For Shanah, October 7 was a profound shock. "It's no small thing to be part of a people who have been exterminated and rejected. That's what happened again on October 7," she said. The day after the attack, she was surprised not to hear from her sister: "I said to myself, 'Can you believe it, she doesn't understand what's going on? She's so cut off from her identity that she doesn't want to hear about it. For her, none of this exists.'" Worse, she heard her reproach their mother for going to the October 9 demonstration in support of Israel in Paris. "The events reinforced her idea that we had to be discreet. This way of living by apologizing for being oneself saddens me."
Shanah, on the other hand, praises the richness and diversity of French Jewish communities. Committed to the left, she claims to support Israel while being highly critical of Netanyahu's policies and said she was shocked by the thousands of Palestinian deaths: "The intervention in Gaza is becoming nonsense." "There are a lot of debates within the community that we don't talk about outside. It's a shame," she said with regret. "The Israeli-Palestinian conflict is a complicated subject on which we're always asked to have simple positions."

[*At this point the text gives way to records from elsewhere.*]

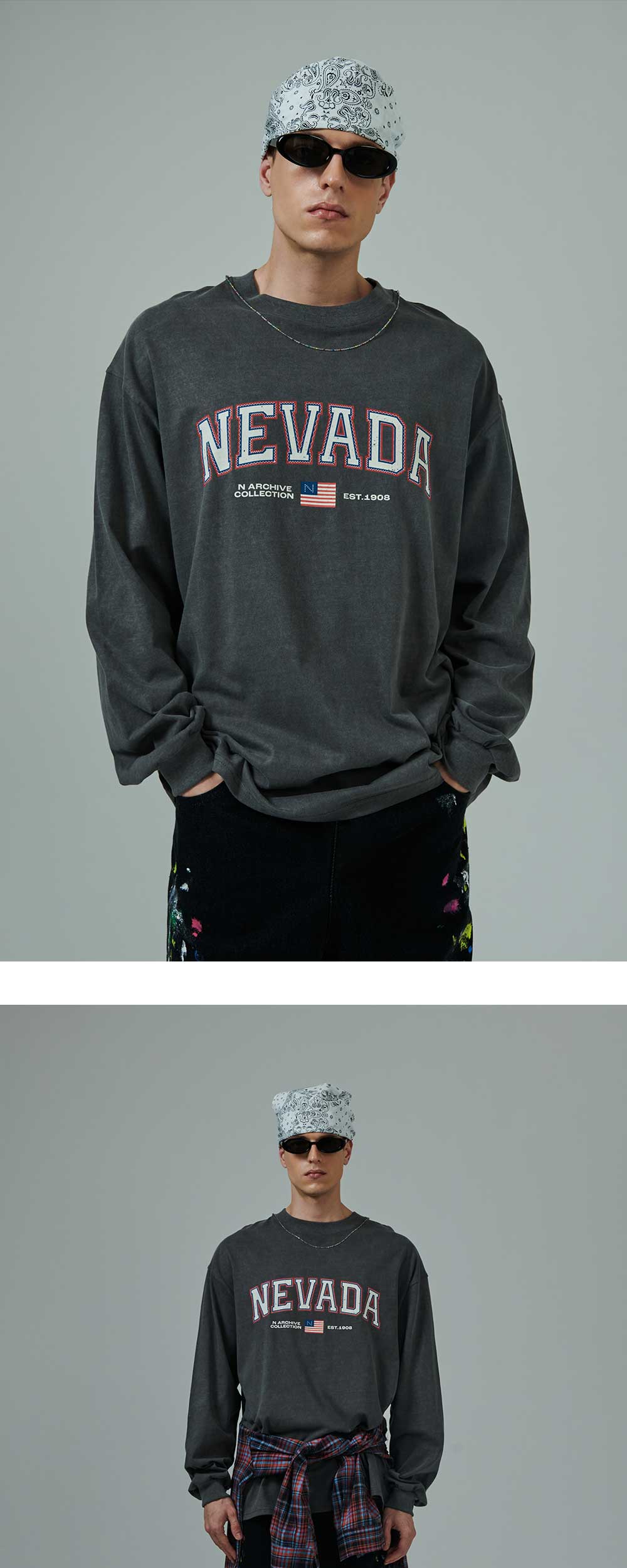 엔 아카이브 빈티지 네바다 네크리스 디테일 롱 슬리브 티셔츠 그레이
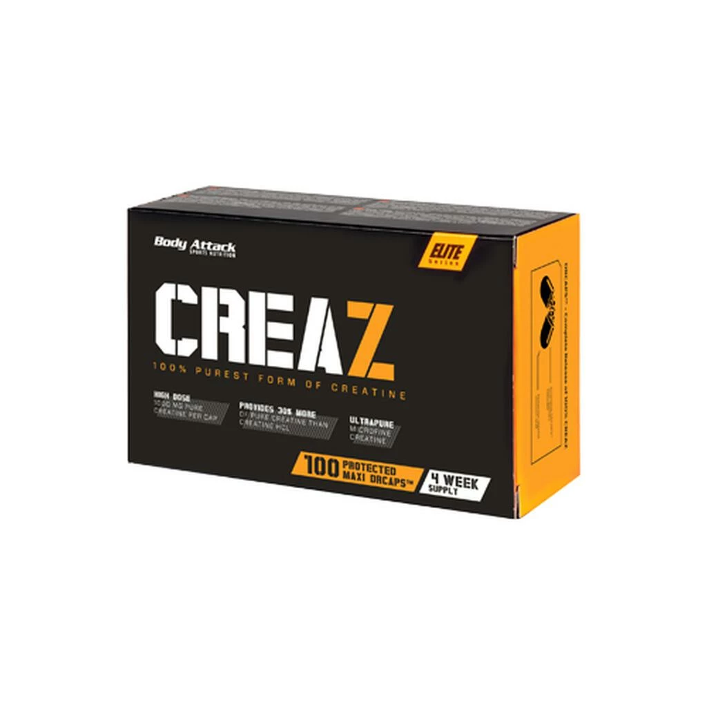 Wie erhöhst du deine Trainingsintensität? Mit ordentlich Zündstoff vor den Einheiten: Hier wartet wertvolles Muskelbenzin auf dich. Von Body Attack bereitgestellt – ganz praktisch in Kapsel- statt Kanister-Form. CREAZ ATP® ist der Leistungsgigant unter den Kreatin-Lieferanten. Die patentierte CREAZ®-Formliefert dir 100% reinsten Wirkstoff. ATP als zusätzlicher Energielieferant heizt deinen Muskelantrieb richtig ein. Feuerlöscher dabei, falls der Bizeps brennt?
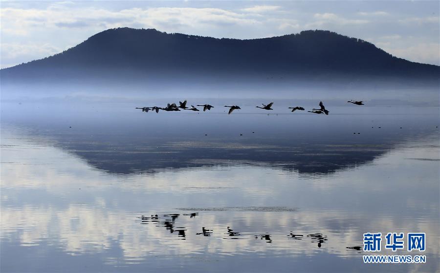 11月4日,一群天鹅在山东荣成天鹅湖上空飞翔。 在即将过去的2018年,各地摄影师用镜头记录下四季中国。大江南北,一幅幅色彩斑斓的美丽画卷徐徐展开。 新华社发(王福东 摄)
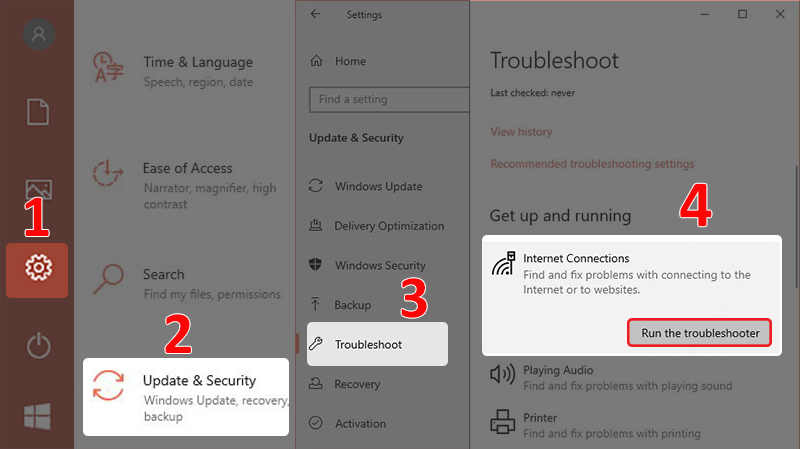 Hướng dẫn thực hiện: Mở Cài đặt > Chọn Update & Security > Chọn Troubleshoot > Chọn thành phần mà bạn muốn sửa lỗi, nhấn Run the troubleshooter.
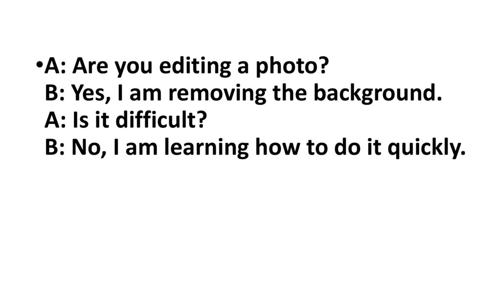 • A: Kompüterdə nə edirsən?B: Mən Photoshop-da şəkil redaktə edirəm.
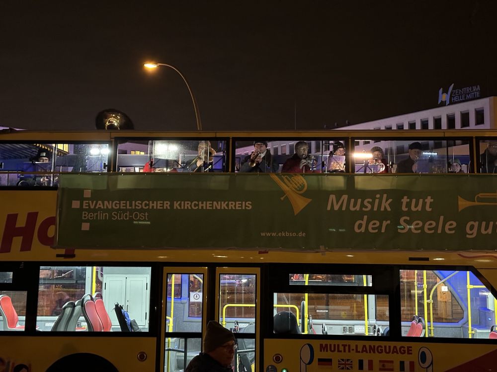 Alle Fotos hier! Weihnachtsbläserbus 2025: „Zugabe“-Rufe in Hellersdorf, wunderbarer Mitsing-Gottesdienst in der Erlöserkirche und 1.600 Euro für den Kältebus
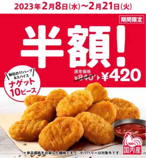 ナゲット10ピースは通常価格840円(税込)のため、半額の420円(税込)で提供されるのはお得だ。今回は、ケンタッキーで実施されているナゲット10ピースが半額のキャンペーンを紹介していきたい。
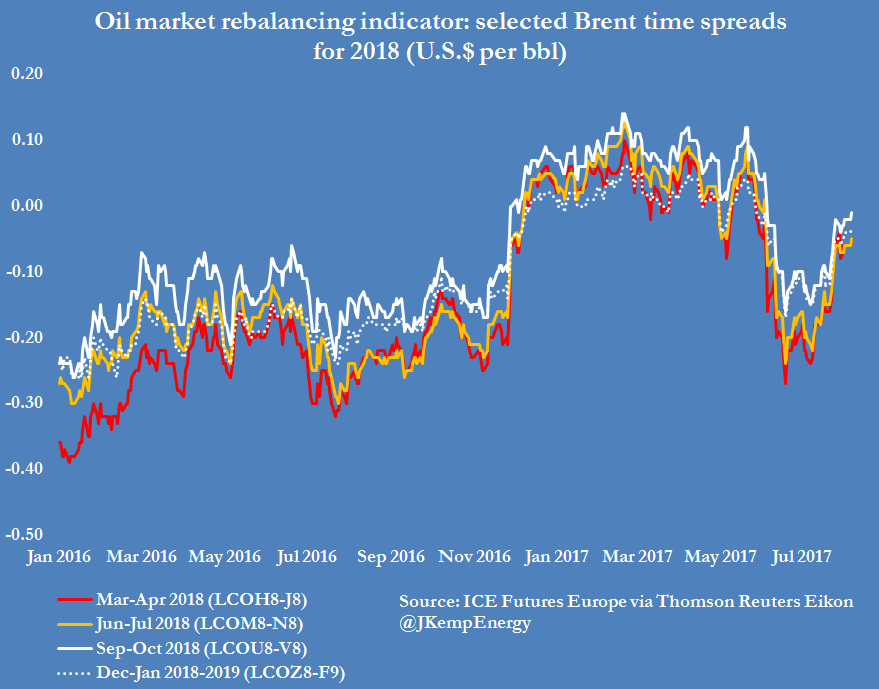不过,随着油市从2014/15年的供给过剩转为2017/18年的供给不足,期货溢价收窄。
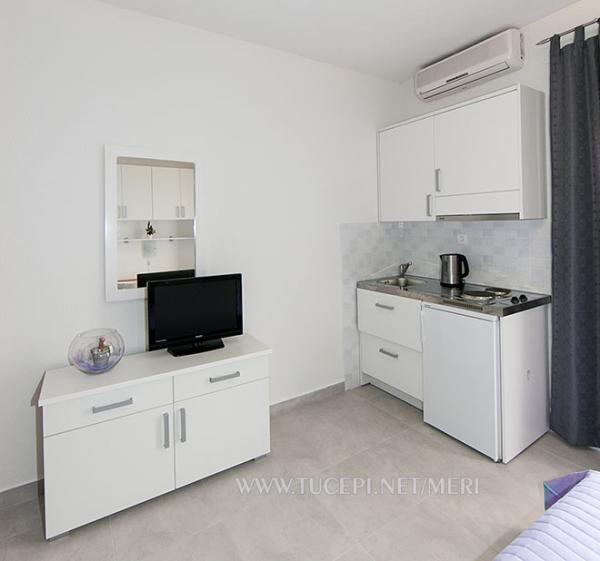 Plně zařízené apartmány v blízkosti centra města, cca 2 minuty chůze od hotelu a 40 metrů od pláže, s velkým parkovištěm před domem
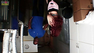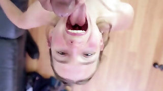 Pale redhead mormon teen Abbey Rain in her first interracial anal invasion experience with a friend threesome
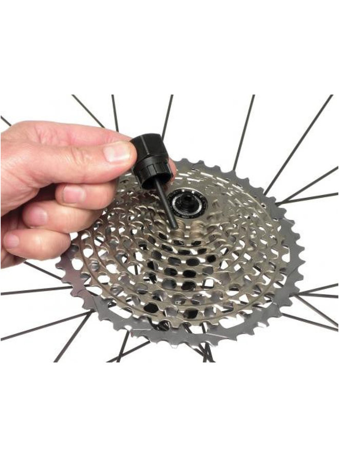 Stahovák kazet FR-5-2 G je určen k uvolnění pojistného kroužku (lockringu) kazet, který má 12 vnitřních drážek, včetně 11rychlostních kazet.
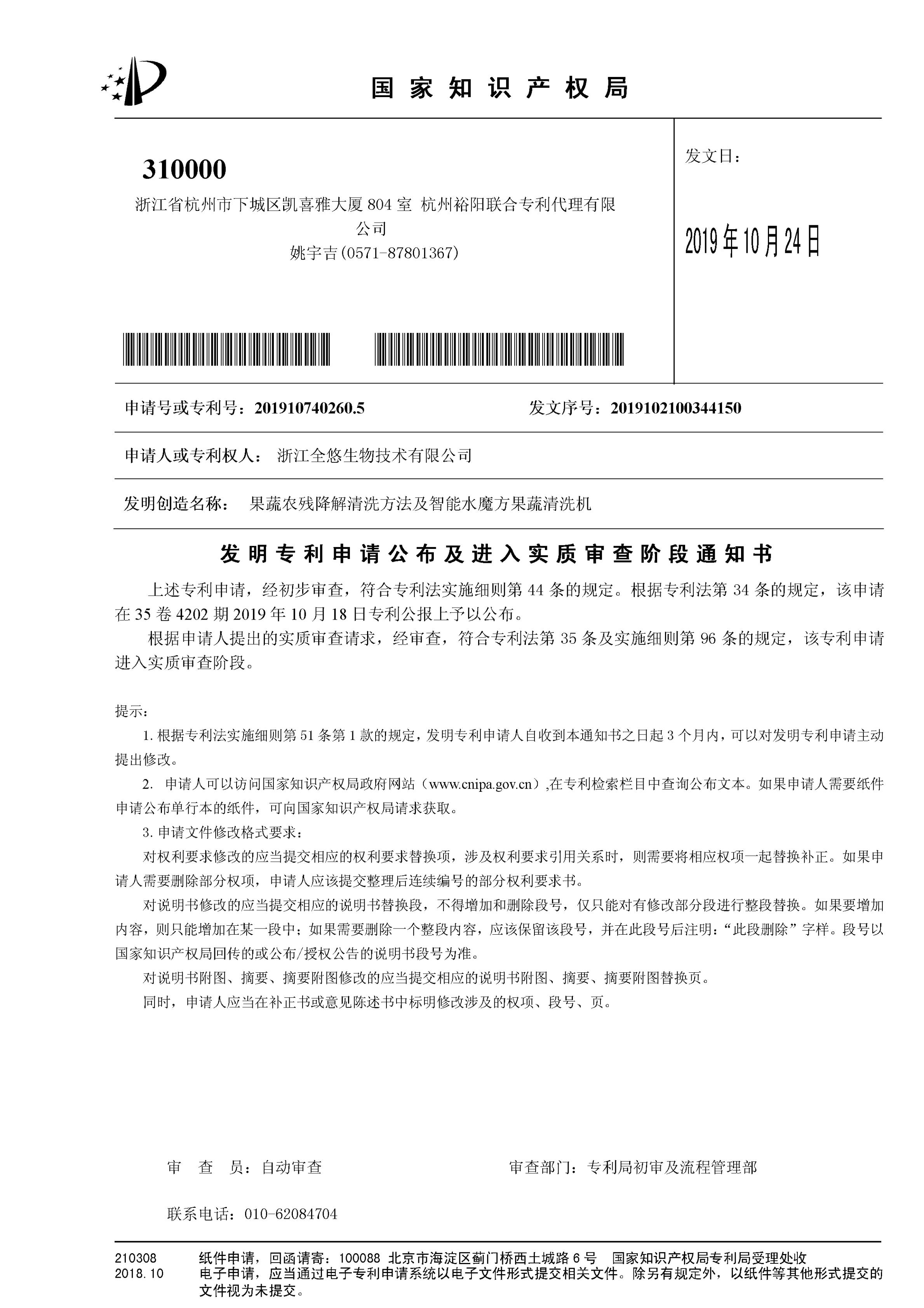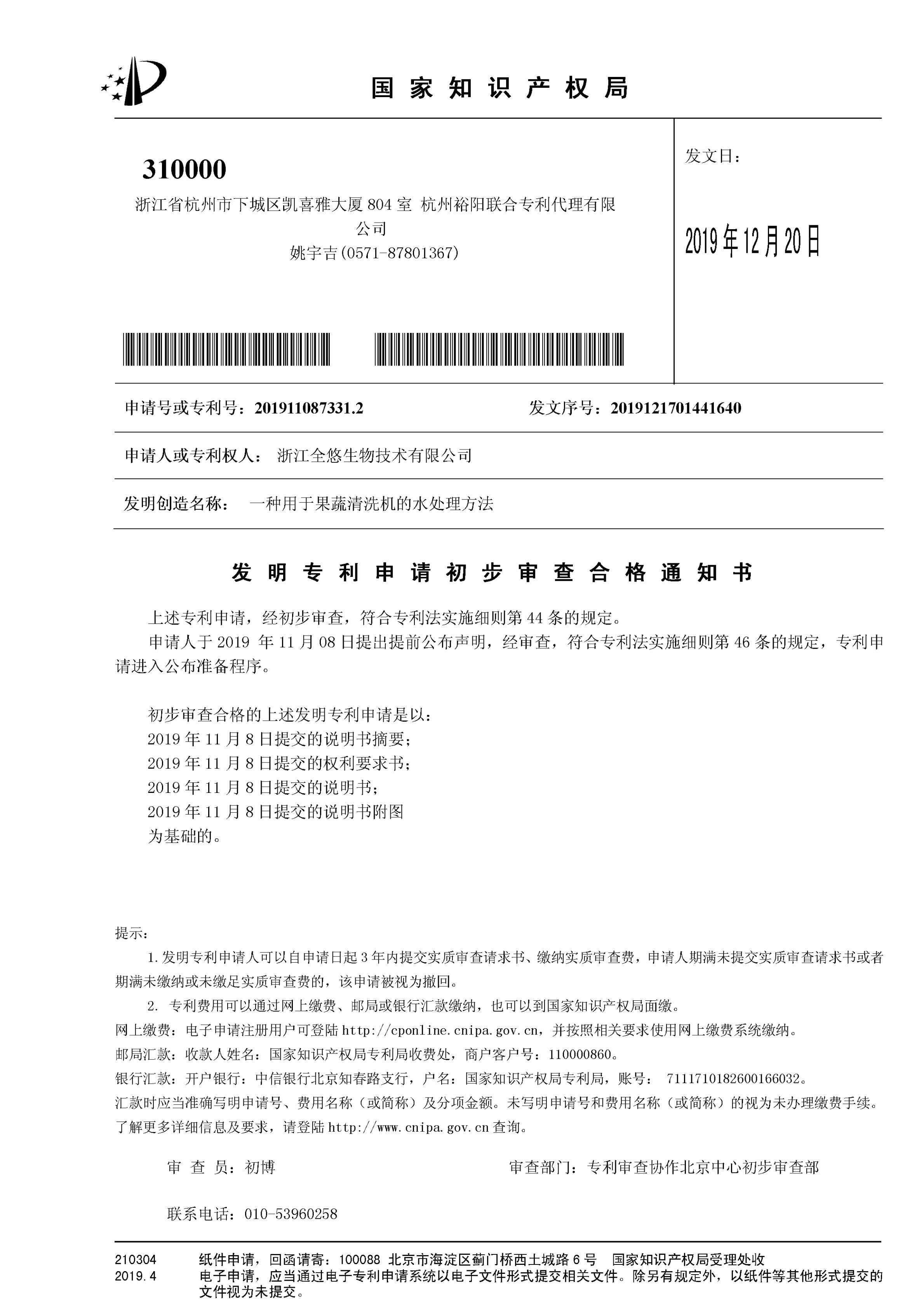 发明专利申请初步审查合格通知书
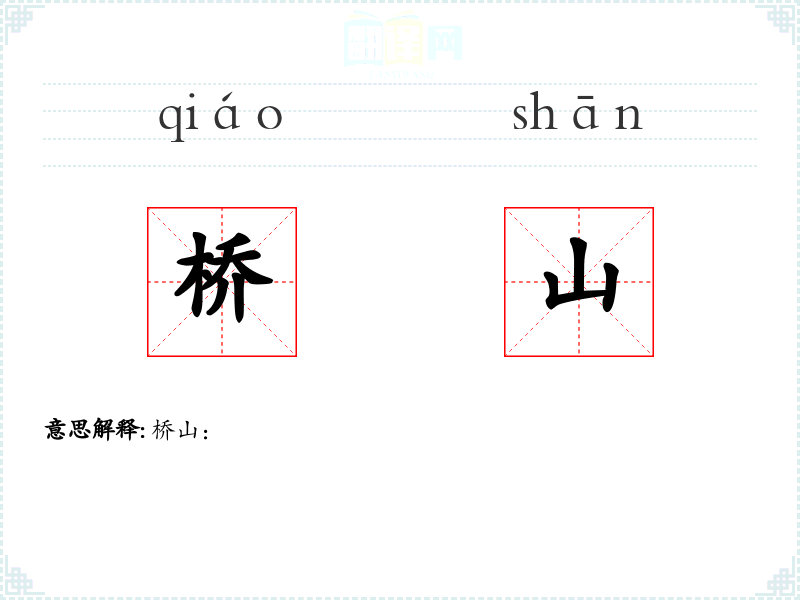 - 字面意思:桥山通常指的是一座山,其名称可能来源于山形似桥或山上有桥。

This is as true of Jewish families as it is of the rest of French society. The Arab-Israeli conflict has generated a phenomenon of "hemiplegic empathy," to use the _expression_ often quoted by Rabbi Delphine Horvilleur. Everyone feels obliged to choose sides, and October 7 compounded the evil, a situation that saddens Ava, 34, who works in the media sector in Paris.
Since the Hamas attacks, her relationship with her parents has come under a heavy shadow. Her family settled in France after fleeing Tunisia in the 1960s, a few years after independence and Habib Bourguiba's rise to power. "My parents felt chased out by the Tunisians and are part of that generation of Sephardic Jews who feel they are not liked by Muslims," Ava said.
The family has many members living in Israel. She often visits this country, which has for her the comfort of a refuge. She pronounces its name in her prayers, but her feelings are ambivalent. She has always noticed how much the Palestinians suffer from the Israeli settlements: "The Israelis' 'everything is ours and we're going to take back our land' attitude makes me uncomfortable. My attachment to Israel has another side: sadness and anger at the tendency, present on both sides, to ignore the suffering of the other."
Her parents, who are now retired, see things differently: "For them, the Palestinians have always been the bad guys," she told us. Ava's father voted for far-right Jewish candidate Eric Zemmour in the last presidential election, in 2022, and unreservedly supports Netanyahu. Ava, who feels closer to the left and keeps herself informed by reading the Israeli daily Haaretz and listening to radio station France Inter, regrets seeing her parents glued to conservative 24-hour news channels such as CNews or i24 News.
"I'm enormously saddened by French Jews becoming more right-wing," she said, sitting in a bar in the inner suburbs of Paris. In the last presidential election, the 10% of French Israelis who voted gave 53.59% of their votes to Zemmour. Before October 7, Ava would try to make her point to her parents, casually mentioning this or that peace demonstration. "But the conversation always turned into a shouting match. My position irritated them, so I always ended up talking about more harmless subjects."
On the evening of the October 7 Hamas attack, Ava learned that close family friends in Israel who were reservists had left home to join the army. "There was a real turning point that day," said Ava. "I stopped trying to explain my way of thinking to them. I realized that talk of peace was simply no longer being heard." October 7 also marked the end of a certain type of dialogue.